The president said he understands "the emotions that this issue engenders. Ground Zero is, indeed, hallowed ground."
"But let me be clear: as a citizen, and as president, I believe that Muslims have the same right to practice their religion as anyone else in this country," he said. "That includes the right to build a place of worship and a community center on private property in lower Manhattan, in accordance with local laws and ordinances."
The president said al-Qaida is not made up of religious leaders but of "terrorists who murder innocent men, women and children."
"That is who we are fighting against," he said.
Obama told reporters in Florida Saturday the purpose of Friday's remarks was to stress the importance of staying "focused on who we are as a people and what our values are all about."
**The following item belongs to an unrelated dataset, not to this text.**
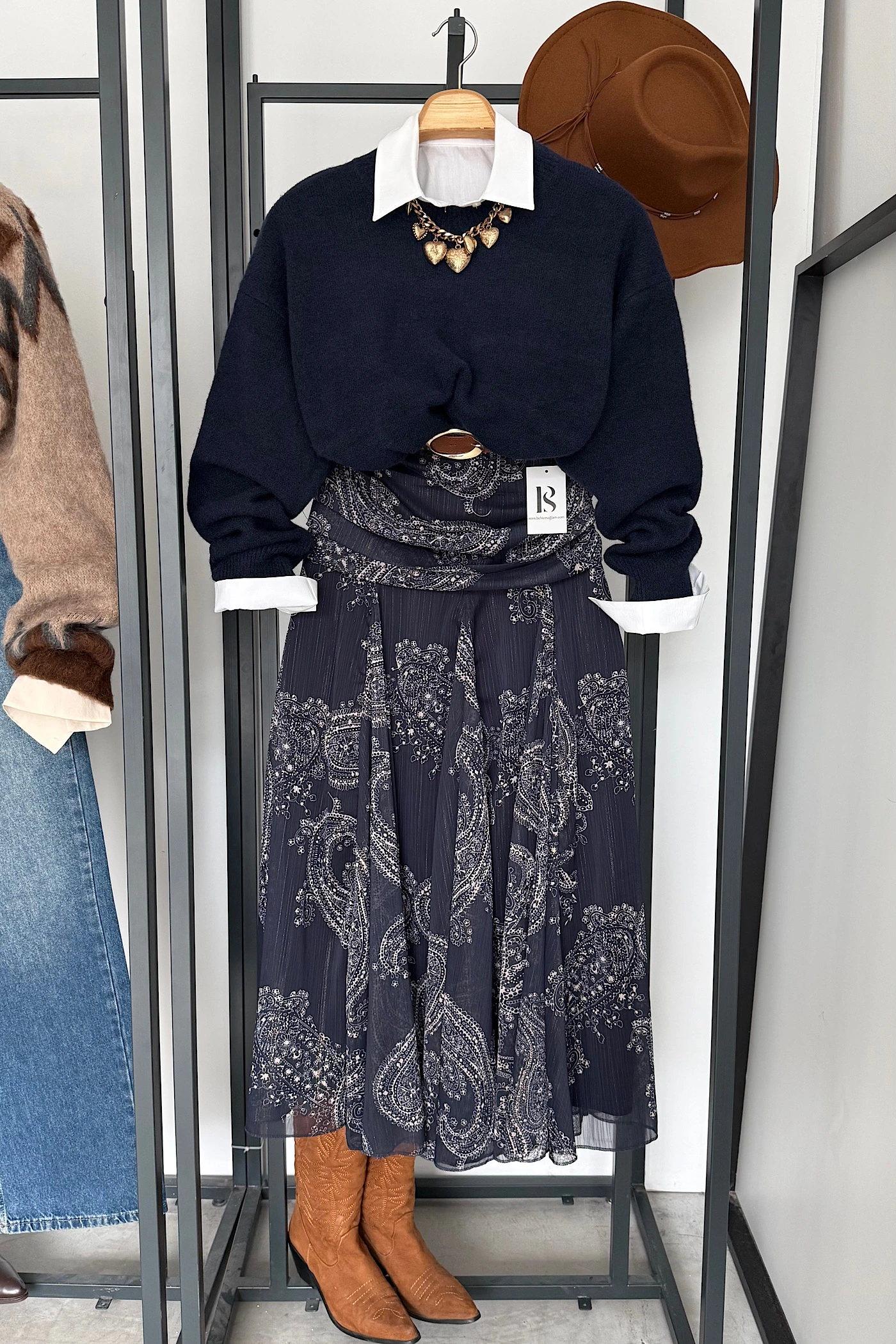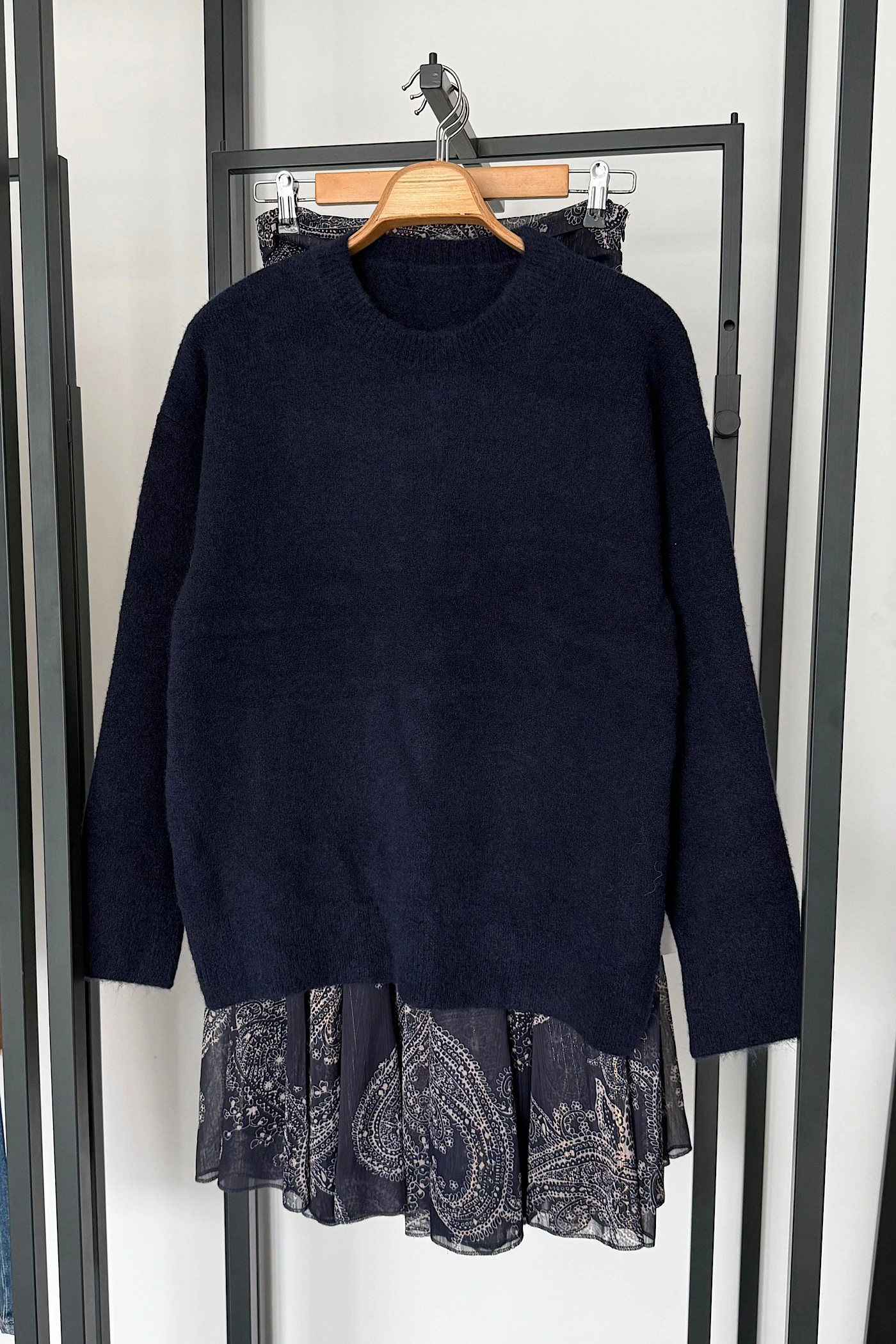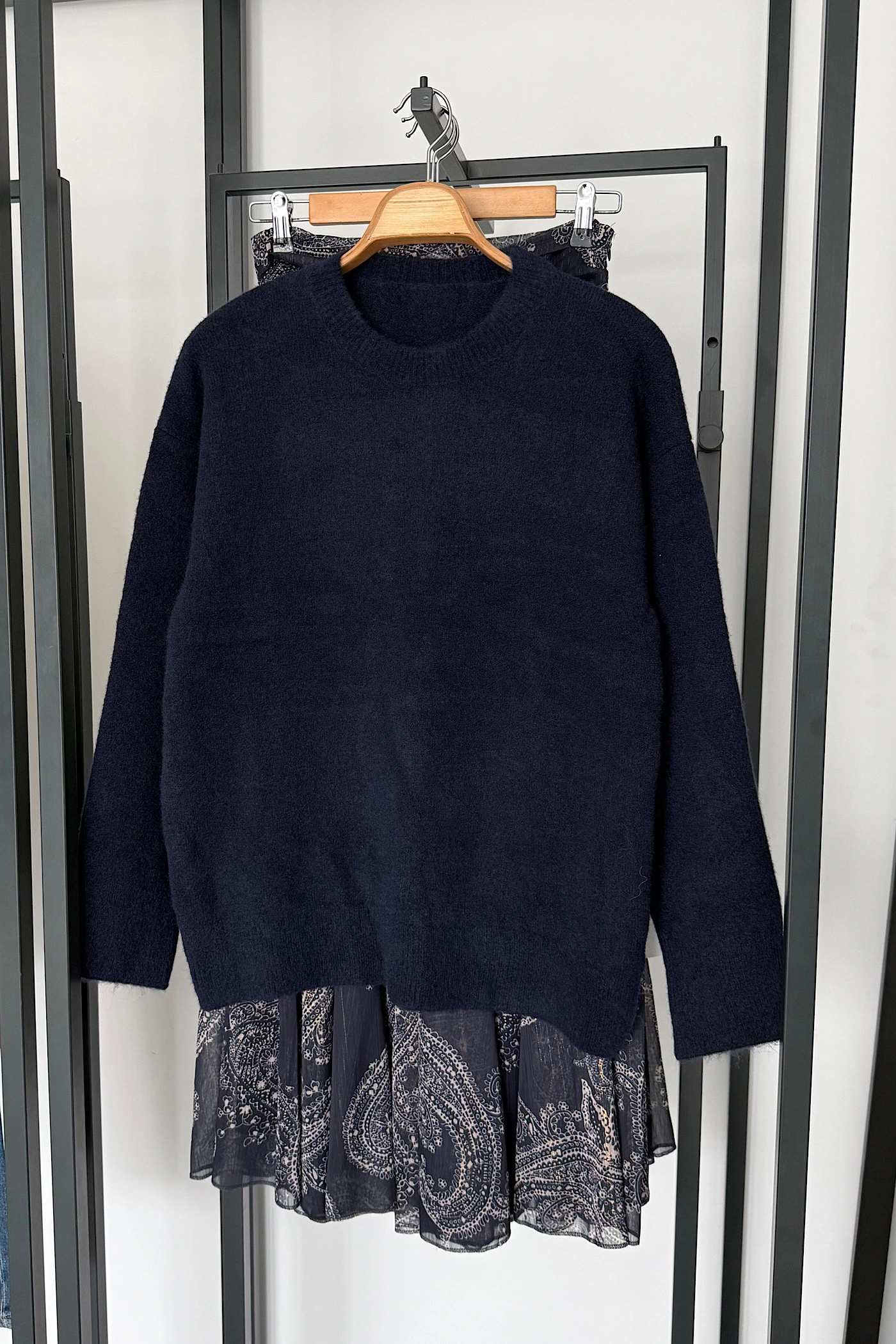 Soft-Touch Crew Neck Sweater – Navy Blue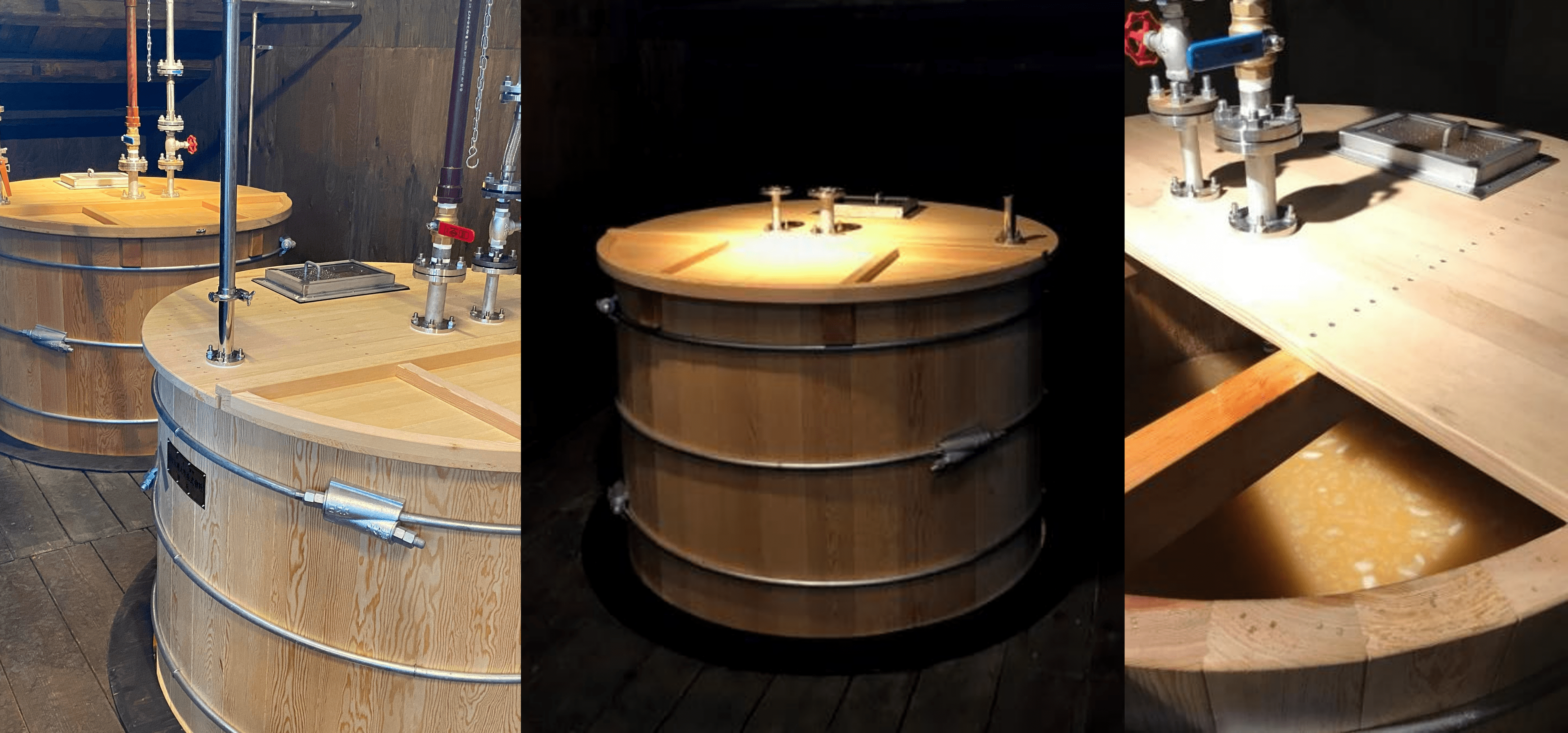 また、2020年に木製の発酵槽を導入しました。それ以前は、ホーロー製の発酵槽のみで発酵を行っていました。木槽を導入することで、ホーローでのエール酵母およびウイスキー酵母による発酵に加え、木槽に住み着く乳酸菌による乳酸発酵が加わりました。その結果、さらに複雑な香りのもろみ造りに影響をもたらします。

"I was not commenting and I will not comment on the wisdom of making the decision to put a mosque there," he said.
White House spokesman Bill Burton issued a statement saying the president was not "backing off in any way from the comments he made last night. It is not his role as President to pass judgment on every local project."
"But it is his responsibility to stand up for the constitutional principle of religious freedom and equal treatment for all Americans," Burton said.